Lilly: Implementing SAS Drug Development

Notes from the 23rd DIA CDM Conference

Susan Duke of GSK chaired a session on Tuesday, March 18th, called "Statistical Computing Environments: Collaboration through Metadata, People, Process and Software." During this session, Christopher Colangelo, Associate Senior Statistician, presented Eli Lilly's effort to implement SAS Drug Development (SDD) as a centralized but globally available repository for clinical data.

But first, and for those unfamiliar with this relatively new concept, a Statistical Computing Environment (SCE) is a combination of hardware, software and processes, that enable the collection, management, analysis, and transparency of operational data within a life sciences environment performed in compliance with government regulations and operating best practices. From a technical perspective, it is also an extension of a relatively new software category called "Clinical Data Repository" or CDR.

You can learn more about both SCE and CDR via the following posts on this web site:

At Lilly, the selection of SDD arose from the recognition that internal staff in Data Management, Data Delivery, Statistics, Medical Communications and external partners such as CROs needed an environment that would allow for greater collaboration within a secure environment.

From an operational standpoint, the system had to:

  • Control the storage of all clinical data regardless of source
  • Support the creation, editing and execution of statistical programs
  • Allow reports to be generated and distributed to all stakeholders
  • Enable browsing and retrieval of data and related metadata
  • Facilitate internal and external collaboration globally

The implementation was done in a phased manner starting with a production pilot. The initial experience allowed the project team to control risk by surfacing and addressing issues that would have to be solved prior to a general roll-out of the system. It also enabled the creation of a small team of experts who could then be called on to help with system training and adoption to the larger user community. Last, but not least, the phased approach allowed Lilly to avoid "burning its bridges" by making sure that the new system would perform as expected prior to the old system being shut down.

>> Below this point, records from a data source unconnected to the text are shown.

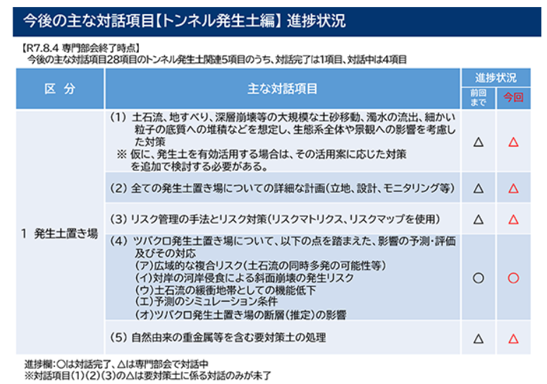 「トンネル発生土」では、自然由来の重金属などを含む「要対策土の処理」に関して、減量化、無害化、また安心安全の確保に向けた環境保全措置について、対話を行っていきます。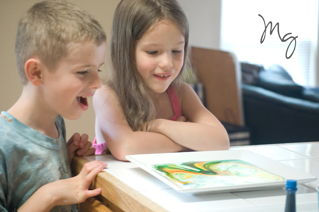This summer we are learning about the fifty states and the continents. I will post more on that project later. we also added in some art and science projects too. On this day we did an experiment with milk. You add a few drops of food coloring spaced out and nothing really happens. Then you drop a few drops of good dish soap and the magic begins. The soap reacts the the fat in the milk and it starts swirling and moving the colors all around. I t would have looked way cooler if I had more colors then just yellow, blue and green :) We joked that it was a tribute to the Timbers.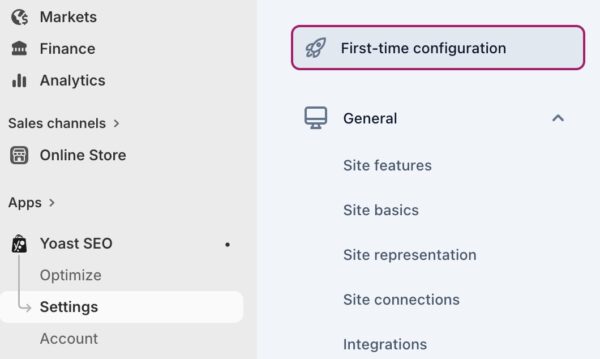 You will be asked to the complete the First-time configuration immediately after installing the app. If you do not the complete First-time configuration, you can also access it under the Yoast SEO Settings.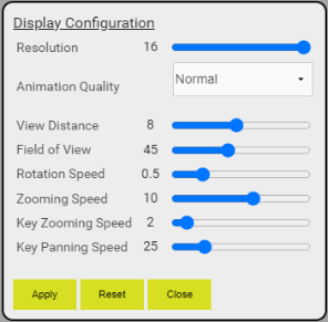 will give you a number of configuration options for the viewer which are used to maintain performance, particularly in 3D mode, by controlling aspects such as distance, resolution or field of view. Modify these if your machine is struggling to render the 3D view quickly enough. Click Reset to return to default values.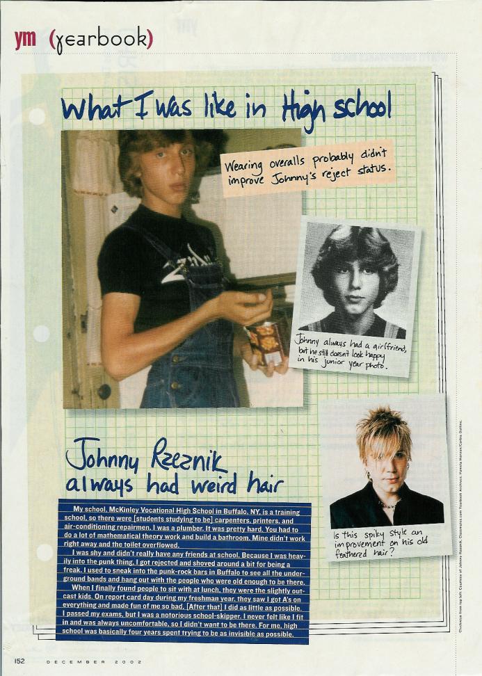 Those are all the magazine covers I have to share today. I’m sure I’ve shared others in the past, so I don’t need to show them again. Now I have one last thing to share: The article about John’s high school years. This article (or clip of one, at least) was one I’d been looking for for a long time. I think it was featured in a magazine somewhere (circa ’99) but I don’t know where. This featured talk about John’s vocational high school, McKinley High in his hometown of Buffalo New York. He explains some of the reasons he didn’t like high school, and why he liked to skip. This kind of ties into this one article I read on temple of goo one time, where John explains getting bullied by some of the other kids. In this article, it’s because of his grades. We also get a little explanation on becoming a Plummer, which he obviously scrapped. I heard somewhere that this didn’t completely go away though. He apparently fixed a toilet for his sister back during the ABNG era. The person who put together the page also put more captions under the other pictures. I’ve seen both of his teenage pictures before, and have also shared them with Temple Of Goo. Under his high school picture is says he always had a girlfriend but never looked happy. I can make a lot of speculations there, but it could simply be the fact that it was a school picture. It says it was his junior picture, but on the date I found that yearbook picture, it was actually his sophomore one. There was also a caption saying “wearing overalls probably didn’t improve Johnny reject status”. Which now that I think about it, he did used to wear overalls a lot when he was younger. Maybe this is just my opinion here, but I think he looked pretty good in overalls.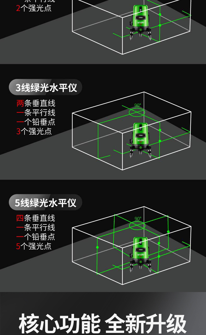 견고한 녹색 조명 레벨 레이저 2 라인 3 라인 5 라인 고정밀 강한 빛 미세 라인 적외선 자동 레벨링 워터 미터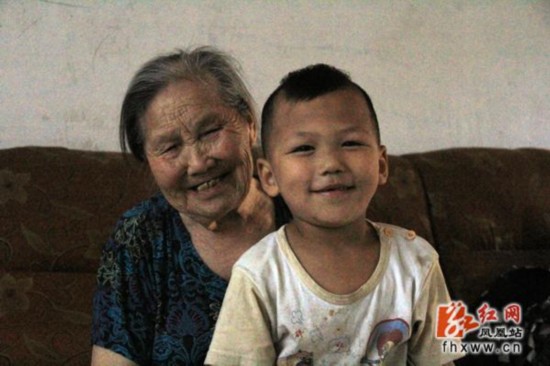 Tian Longyu stays with a little boy. (Photo/hn.rednet.cn)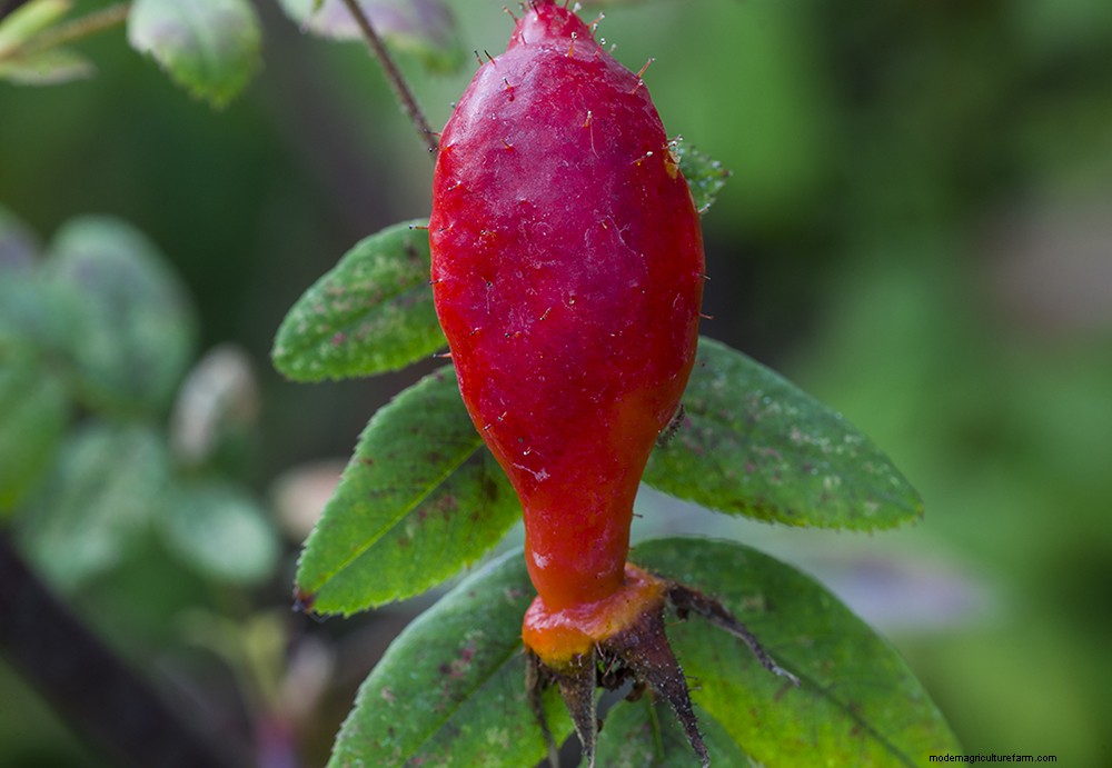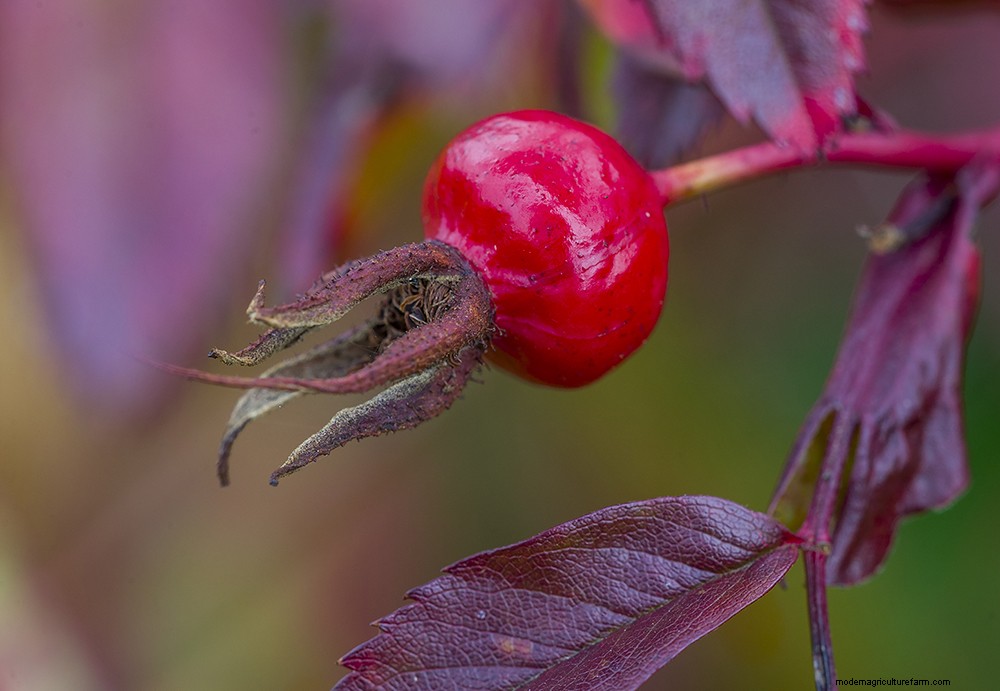 This is a rose that unveils appealing attributes throughout the growing season with the hips providing a striking finale. They finish the growing season in fine style, resembling chilli peppers in appearance, with plump fruits resplendent in rich ruby red. The flowers are splendid; single and deepest pink with long, prominent anthers. The stems have very few thorns and are a rich, attractive red, becoming purple with age.
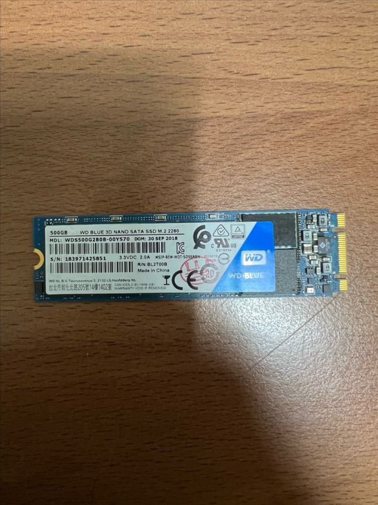 WD blue M.2 SATA 500gb 팝니다 하드튠, 크리스탈 인포,하드센티널 테스트 O 포맷완료 상태입니다. 택배, 직거래 다 가능합니다. 택배비 별도 작은 박스 4,000 큰 박스 5,000원입니다. (로젠택배 지정) 평일(월~금) 오후4시 입금분 당일 출고!(오후5시 일괄발송) 주말(토/일), 법정 공휴일 택배발송X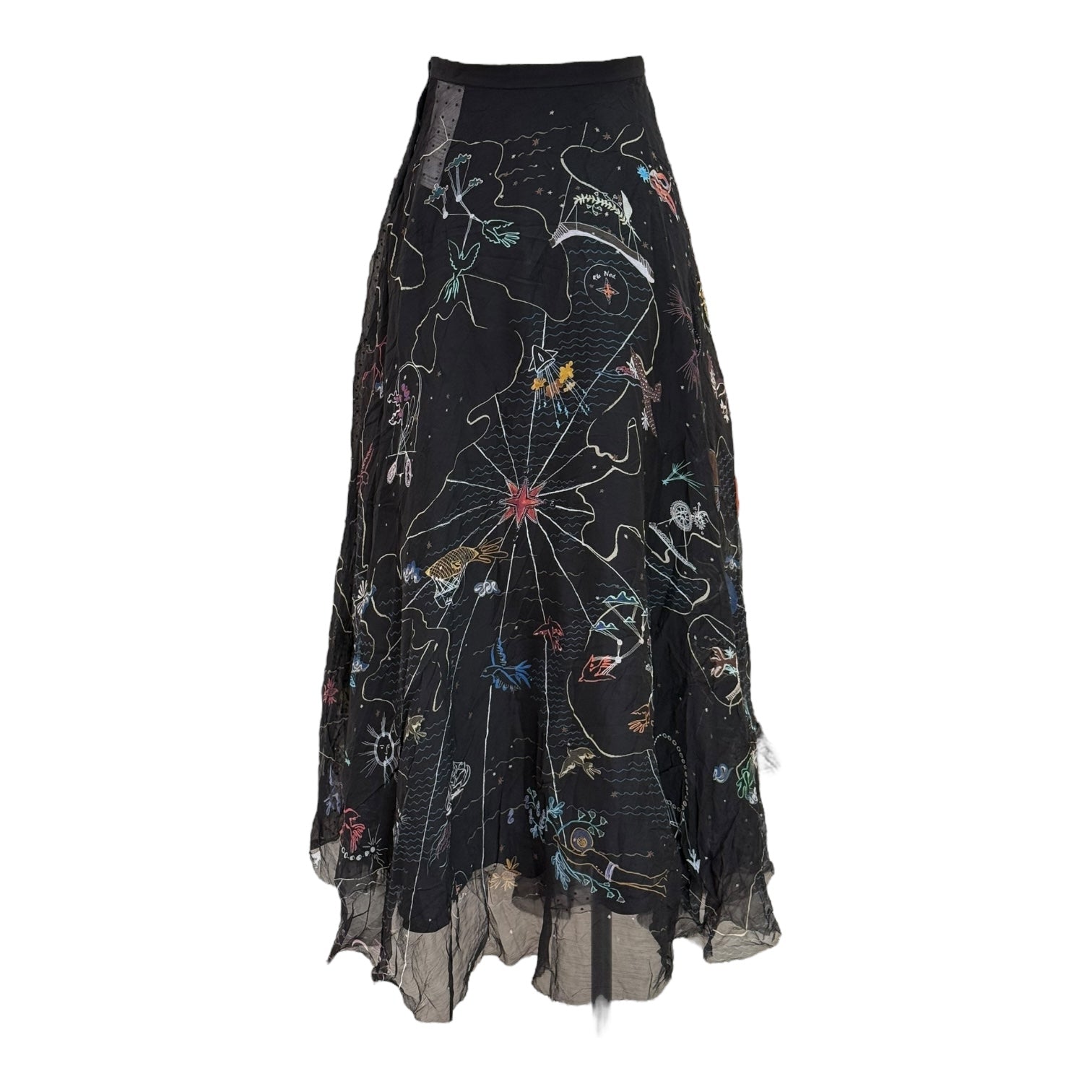 Christian Dior Black Embroidered Tulle Maxi Skirt

The first two phases of the implementation, each lasting roughly 6 months and focused on the US, Canada and India, began in the 3rd quarter of 2007 and will be completed in the 2nd quarter of 2008. As of March 2008, the system has almost 250 users. Europe and Australia will be brought on line in the 3rd quarter of 2008 and Japan by the end of the year. It is expected that the system will have about 600 users by October 2008.

With the recognition that the new system would be mission-critical, the project team and the Sponsor made sure that several critical success factors were in play. These are:

  • Alignment and advocacy from upper management
  • A strong partnership between Lilly and SAS Institute (the software vendor)
  • Earmarked resources from IT, Data Management and Statistics
  • Unprecedented collaboration between the "business" and IT

Although the project is still in progress, Lilly has already recognized several benefits from the implementation including:

  • Tighter security & control than the LAN being replaced
  • Ability to integrate existing systems and enable others
  • Centrally-located clinical data
  • Fewer systems/platforms to maintain/support
  • Streamlined approvals / E-approvals
  • Streamlined code validation
  • Streamlined data flow
  • Reduced CPU time for execution of some SAS jobs
  • Scheduled job execution

To his credit, Mr. Colangelo also pointed out several system adoption issues that will need to be addressed in the future. Some of the "soft" issues were:

  • a reluctance to do program development directly in SDD
  • concerns about performance in a server-based (rather than PC-based) SAS environment
  • enthusiasm vs. dismay having to work in a non-Unix environment
  • excitement vs. reluctance going to a new environment

Some of the "hard" issues were:

  • the inability to develop or execute programs other than SAS
  • the lack of workflow/process tools/methods

While it is too early to tell how well management and user expectations will be met by the system once in use by all stakeholders, the project team should be commended for taking a methodical but deliberate approach to implementation and for giving proper weight to technical, business, process and cultural issues.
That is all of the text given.